Amino acids are interesting substances. On the one hand they have been called the building blocks of life; on the other hand, they are eyed with suspicion when they are included in nutritional supplements, holistic medicines, or foreign made drugs. In the United States, the Food and Drug Administration (FDA) is in charge of ascertaining, judging, and controlling the ingredients which may be used in medicines and prescription drugs, but when it comes to nutritional supplements and associated substances, there is little oversight by the FDA.
As a matter of fact, even though there is a cornucopia of claims made by various manufacturers of medicines and over the counter drugs containing amino acids, none of them have been evaluated by the FDA for truth or even safety but most claims is simply figments of the sellers and makers’ imagination!
Cysteine in particular is the kind of amino acids that lends itself to supplementation – not because it is has such stellar bodily properties, but because it is naturally occurring. Physicians do acknowledge that newborns, infants not yet eating solid foods consistently, and the elderly who are sickly might benefit from supplementation.
When you read labels for formula, for example, you might find mention of a substance called NAC cysteine or N acetyl cysteine, which is the supplemented cysteine. It is also available for sale by itself online and in specialty health food stores.
On the Internet cysteine is sold via multi level marketing (MLM) networks as a cure for hangovers, an agent in colon cleanses, a substance used during a liver cleanse, and of course for those engaging in the grapefruit diet as a way of ensuring that the kidneys are purged from any toxins that might have accumulated in them – although this is not a medically accurate statement.
At the root of these claims by manufacturers and marketers is the little grain of truth that indeed cysteine is associated with the body’s methodology for reducing, neutralizing, shedding, and eliminating toxins, but there is nothing in medical literature that suggests supplementation of this amino acid with increase the body’s ability to rid itself of toxins.
From detoxification it was only a small step to association cysteine with the thyroid and from there contriving the potential weight loss. N-acetyl cysteine is also sold in over the counter medicines, supplements and holistic mixes as a premier vehicle for binding and safely elimination free radicals thus making it – you guessed it – a cancer prevention and even curative agent!
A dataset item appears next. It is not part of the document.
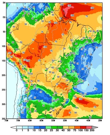 Uma nova frente fria deve trazer precipitações para a regiões Sul e instabilidades para as demais regiões. As maiores precipitações devem ocorrer nas bacias dos rios Paranapanema, Madeira e Tapajós.

It was at this point that some enterprising online entrepreneurs sought to sell the amino acid supplement as a bona fide cure for cancer which forced the FDA to take a closer look at the claims made. Although there are no official studies sanctioned, it is vital to understanding the implication of the cysteine containing medicine controversy to realize that although great claims may be made with respect to medicines and even prescription drugs, the veracity cannot be guaranteed unless the FDA does offer a seal of approval.